▶ **DATASET EXCERPT**:
++++++++++

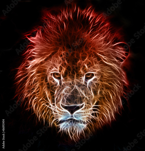 © eranda, Naklejka premium Fractal digital fantasy art of a lion on a isolated background
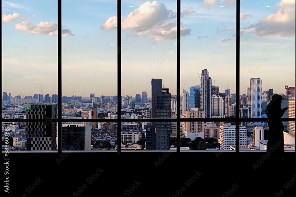 Fototapeta na wymiar - silhouette outline of women tourist taking pictures of city skyline from an observatory. sunset at modern urban business district. steel frame rose windows architectural element design..
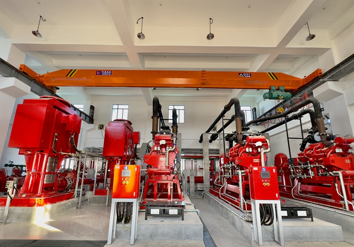 據(jù)悉,本次油品碼頭項(xiàng)目在公用工作樓設(shè)置了“三常三備”消防泵組,即三臺(tái)常用的電動(dòng)消防泵和三臺(tái)備用的柴油消防泵,通過架設(shè)在公共管廊上聯(lián)通公用工作樓消防泵房和碼頭泊位的消防炮塔的消防管道,為博賀新港區(qū)東區(qū)13個(gè)液體化工品碼頭提供消防海水,這是整個(gè)港區(qū)東區(qū)消防系統(tǒng)的核心組成部分,對(duì)保障碼頭的安全生產(chǎn)運(yùn)營(yíng)的有著重大意義。電動(dòng)消防泵和柴油消防泵兩個(gè)重要消防設(shè)備均采用 UL/FM 雙認(rèn)證企業(yè)的產(chǎn)品,其產(chǎn)品技術(shù)水平和認(rèn)證參數(shù)范圍,在國(guó)內(nèi)乃至全球同行中均處于領(lǐng)先水平。該消防泵采用了10KV高壓供電,功率達(dá)到800KW,多級(jí)離心長(zhǎng)軸的結(jié)構(gòu)使得整個(gè)泵組高度達(dá)17米、重量達(dá)10噸。矗立在碼頭前沿的兩座高達(dá)17米的消防炮塔,同時(shí)擁有電動(dòng)消防水炮和電動(dòng)泡沫炮,具備就地操控、無線操控和消防控制室操控三種操控方式,并且炮塔的噴射半徑達(dá)100米,足以應(yīng)付海上出現(xiàn)的各種險(xiǎn)情。 在單機(jī)試運(yùn)行前,油品碼頭黨支部充分發(fā)揮項(xiàng)目一線戰(zhàn)斗堡壘作用,組織業(yè)主單位生產(chǎn)部、施工單位、監(jiān)理單位、設(shè)備廠家對(duì)機(jī)泵設(shè)備單機(jī)試運(yùn)行方案進(jìn)行了數(shù)輪嚴(yán)格的會(huì)審,研究討論了方案內(nèi)容存在的問題并提出了修改意見和建議,并對(duì)方案中涉及到的重點(diǎn)工作、具體事項(xiàng)進(jìn)行了安排。
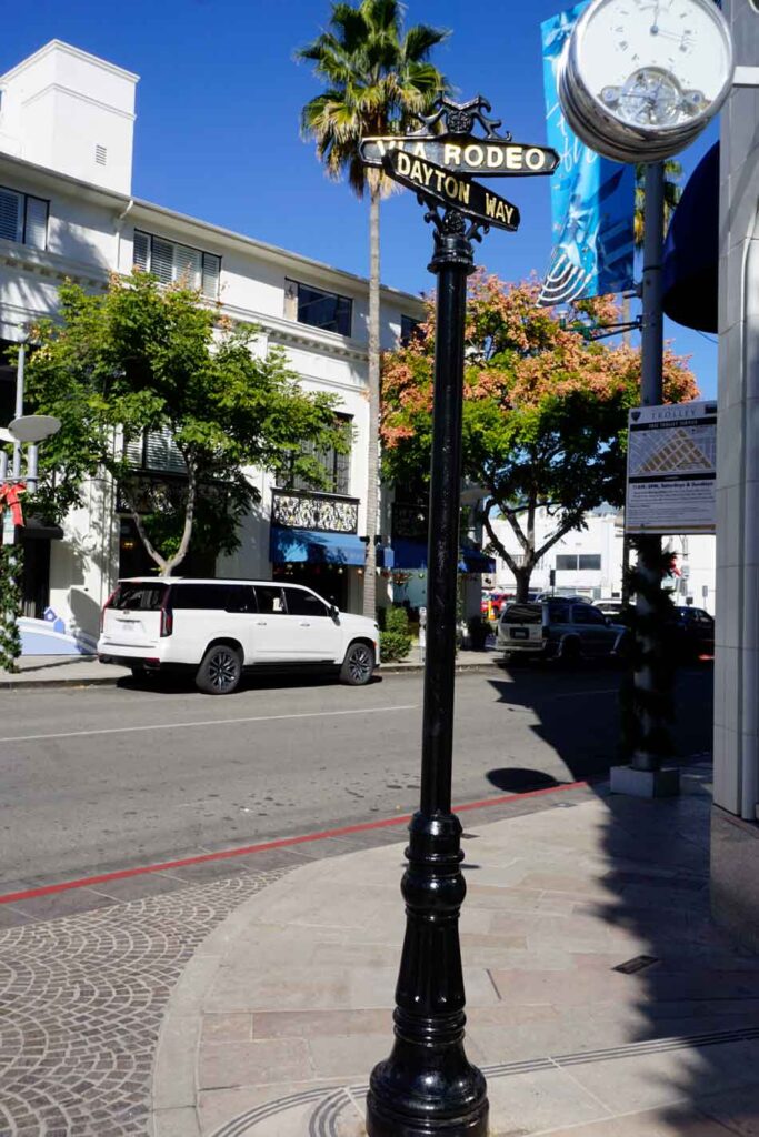 Además de las impresionantes residencias, Beverly Hills alberga Rodeo Drive, la famosa calle comercial conocida por sus boutiques de diseño y joyerías exclusivas. Aparcamos para explorar estas tiendas de lujo, donde la distinción y la opulencia nos dejan boquiabiertos. Las boutiques exhiben las últimas colecciones de diseñadores de renombre mundial y las joyerías deslumbran con sus exquisitas piezas. El ambiente es palpablemente elegante, con visitantes que pasean con bolsas de marcas de lujo y conductores de automóviles de alta gama que recorren lentamente la calle. Estamos muy atentos, ya que al ser el hogar de muchas celebridades, quizá fuera posible ver a alguna de ellas, hecho que no sucedió.

++++++++++

▶ **ASSIGNED TASK**:
Please quote the lines of the material, beginning with the first and ending with the one that contains "Fototapeta na wymiar", exactly as written and without any pictures.

▶ **TASK SOLUTION**:
 © eranda, Naklejka premium Fractal digital fantasy art of a lion on a isolated background
 Fototapeta na wymiar - silhouette outline of women tourist taking pictures of city skyline from an observatory. sunset at modern urban business district. steel frame rose windows architectural element design..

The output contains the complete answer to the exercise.